** WHAT TO WORK ON **
Please leave out pictures and print exactly the lines from the one that has "为 支 撑 大 数 据" through the last line of the material below.

** TASK INPUT **
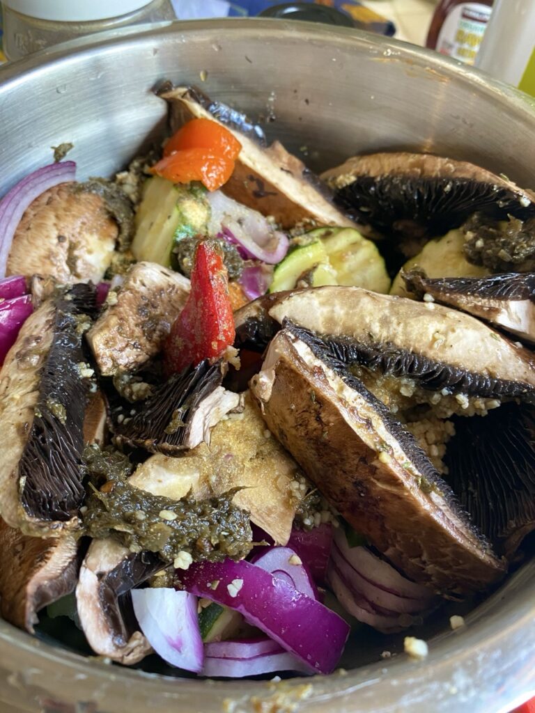 3.         Prep vegetables and Portobellos:
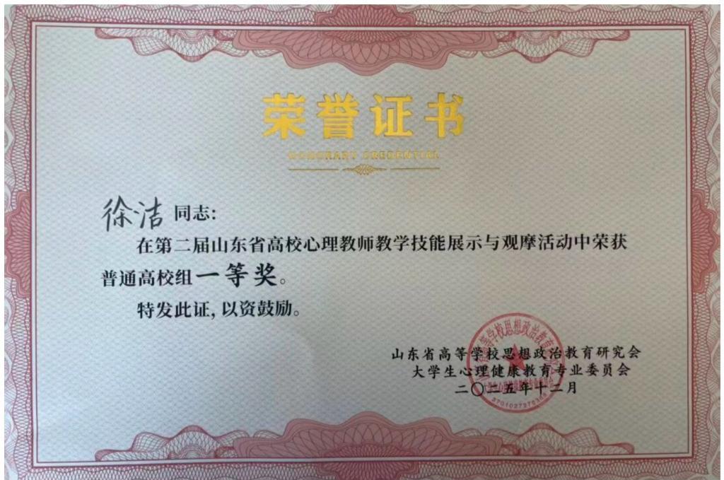 12月3日至5日,山东省大学生心理健康教育专业委员会2025年年会暨第二届高校心理教师教学技能展示与观摩活动在山东理工大学举办。我院教师徐洁荣获心理教师教学技能展示与观摩活动决赛(普通高校组)一等奖。我院王亚男老师指导的由2024级金融专硕2班徐云涛主讲作品《向内生长向外绽放》荣获2025年山东省高校心理健康教育月心理健康教育主题班会三等奖。
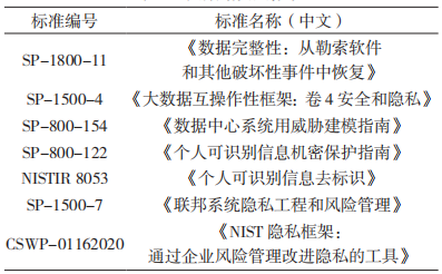 为 支 撑 大 数 据 建 设 发 展, 美 国 国 家 标 准 与技 术 研 究 院(National Institute of Standards andTechnology,NIST)于 2012 年启动了大数据相关标准研究,并于 2013 年成立了 NIST 大数据公共工作组(Big Data Public Working Group,NBG-PWG),对所有相关方开放,旨在通过结合行业、高校和政府等各方力量加速对大数据技术甚至大数据产业的接纳和应用。NIST 发布的大数据标准如表 1 所示。
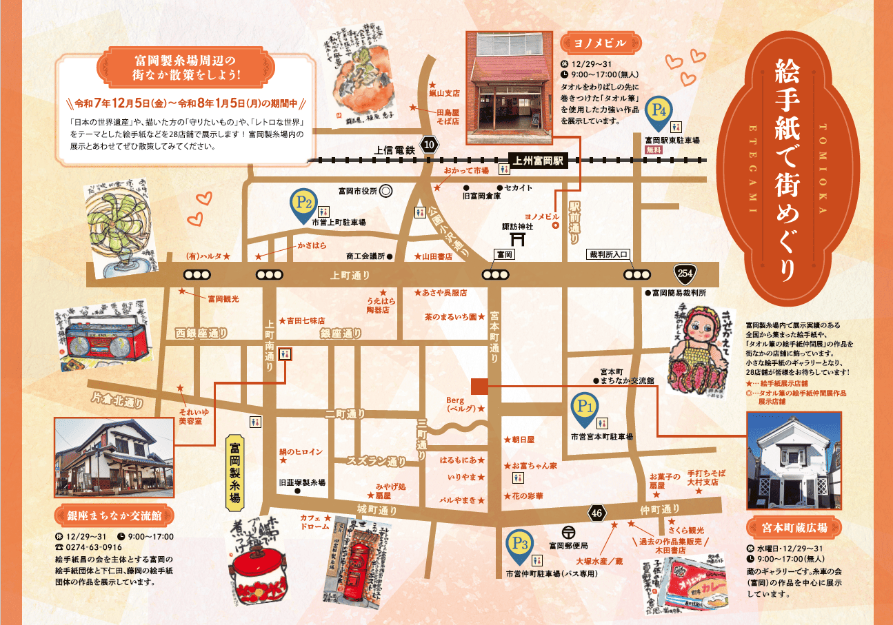 「日本の世界遺産」や、描いた方の「守りたいもの」や、「レトロな世界」をテーマとした絵手紙などを28店舗で展示します。富岡製糸場の展示とあわせてぜひ散策してみてください。
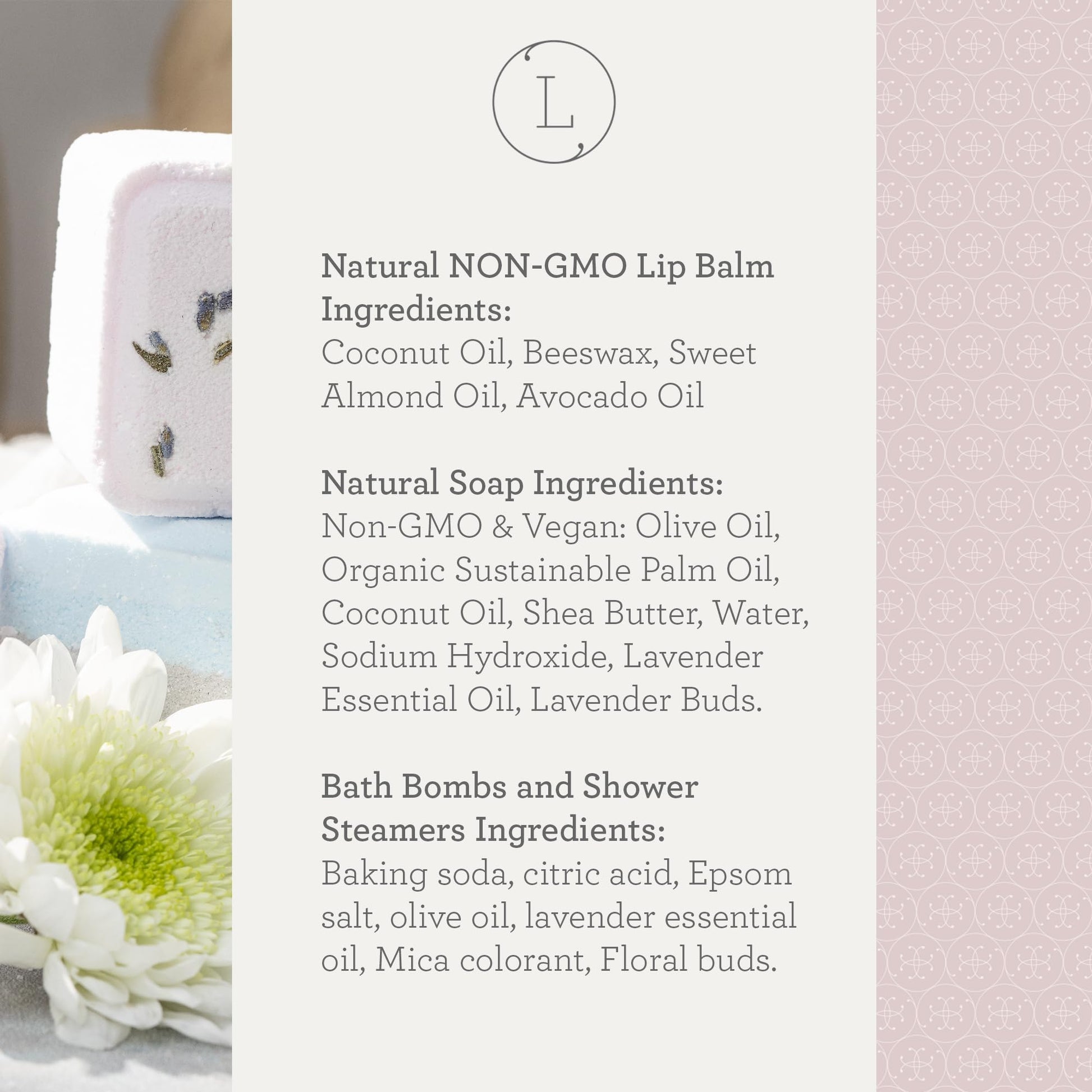 - INCLUDES: All-natural bath set includes: ❀ Lavender natural soap bar ❀ Body Scrub ❀ Shower Mist ❀ Body Oil ❀ Candle ❀ Clay facial mask ❀ Natural lip balm ❀ Cosmetic Bag ❀ Soap saver ❀ Gorgeous box

** TASK RESPONSE **
 为 支 撑 大 数 据 建 设 发 展, 美 国 国 家 标 准 与技 术 研 究 院(National Institute of Standards andTechnology,NIST)于 2012 年启动了大数据相关标准研究,并于 2013 年成立了 NIST 大数据公共工作组(Big Data Public Working Group,NBG-PWG),对所有相关方开放,旨在通过结合行业、高校和政府等各方力量加速对大数据技术甚至大数据产业的接纳和应用。NIST 发布的大数据标准如表 1 所示。
 「日本の世界遺産」や、描いた方の「守りたいもの」や、「レトロな世界」をテーマとした絵手紙などを28店舗で展示します。富岡製糸場の展示とあわせてぜひ散策してみてください。
 - INCLUDES: All-natural bath set includes: ❀ Lavender natural soap bar ❀ Body Scrub ❀ Shower Mist ❀ Body Oil ❀ Candle ❀ Clay facial mask ❀ Natural lip balm ❀ Cosmetic Bag ❀ Soap saver ❀ Gorgeous box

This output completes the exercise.